• YOUR ASSIGNMENT
Leaving out all pictures, copy the lines below exactly, from the line with "石老师讲述道,由于地震前泸定" to the last line, both ends included.

• COLLECTED DATA
━━━━
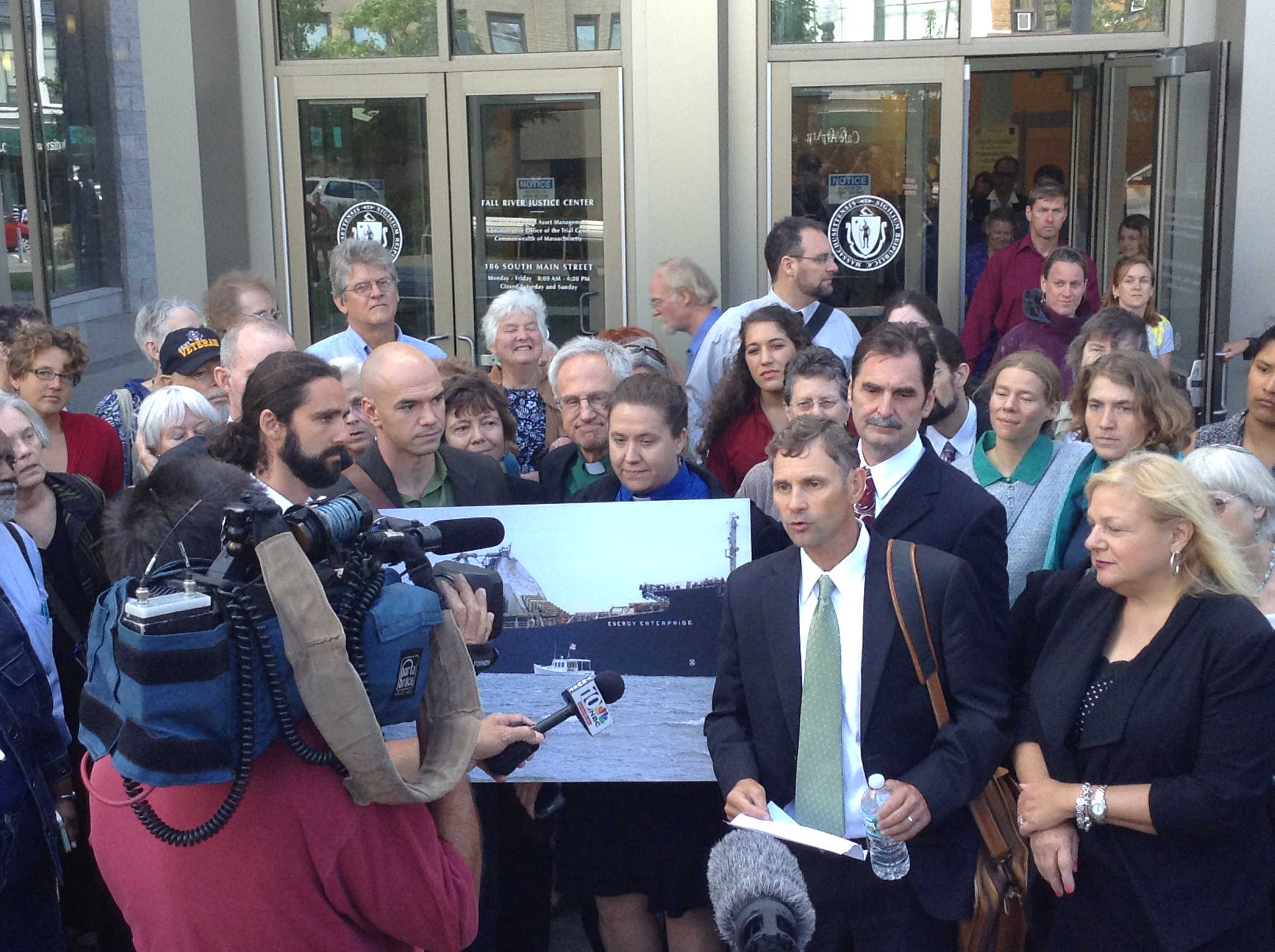 Esta mañana, el fiscal de distrito del condado de Bristol, Sam Sutter, retiró los cargos de conspiración y redujo las causas interpuestas contra Ken y Jay a otras infracciones civiles, diciendo que veía la necesidad de asumir un papel de liderazgo en materia de cambio climático. Se refirió al cambio climático como “una de las crisis más graves que nuestro planeta jamás haya enfrentado” y le dijo a una multitud jubilosa que se uniría a ellos en la Marcha Popular Sobre el Clima (el “People’s Climate March”) en la ciudad de Nueva York en dos semanas.
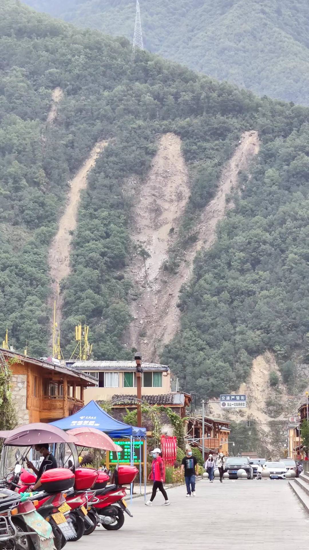 石老师讲述道,由于地震前泸定县都在下大雨,地震发生后,随处可见山石滑坡和泥石流,次生灾害频发非常危险。即便如此,救援人员正在尽最大努力抢修道路,确保民众安全。同时,石老师也看到,大量受灾村民正在被陆续转移到磨西古镇上的临时安置点,大家都在有序领取物资,根据安排行动。
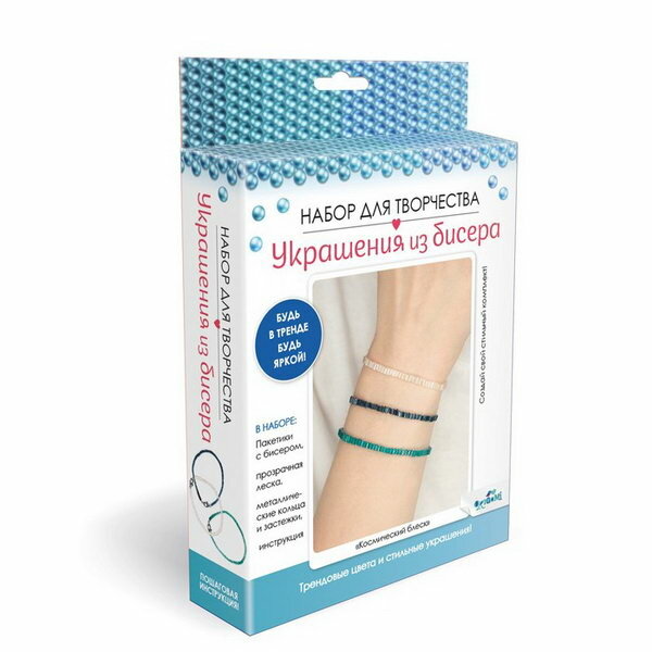 Плетение из бисера — это не просто увлекательное, но и очень полезное занятие. Оно отлично развивает творческое мышление и моторику пальцев. Сплетите очаровательные браслеты с помощью набора для творчества "Космический блеск" и они станут чудесным украшением и дополнят ваш образ.
━━━━
• PROBLEM SOLUTION
 石老师讲述道,由于地震前泸定县都在下大雨,地震发生后,随处可见山石滑坡和泥石流,次生灾害频发非常危险。即便如此,救援人员正在尽最大努力抢修道路,确保民众安全。同时,石老师也看到,大量受灾村民正在被陆续转移到磨西古镇上的临时安置点,大家都在有序领取物资,根据安排行动。
 Плетение из бисера — это не просто увлекательное, но и очень полезное занятие. Оно отлично развивает творческое мышление и моторику пальцев. Сплетите очаровательные браслеты с помощью набора для творчества "Космический блеск" и они станут чудесным украшением и дополнят ваш образ.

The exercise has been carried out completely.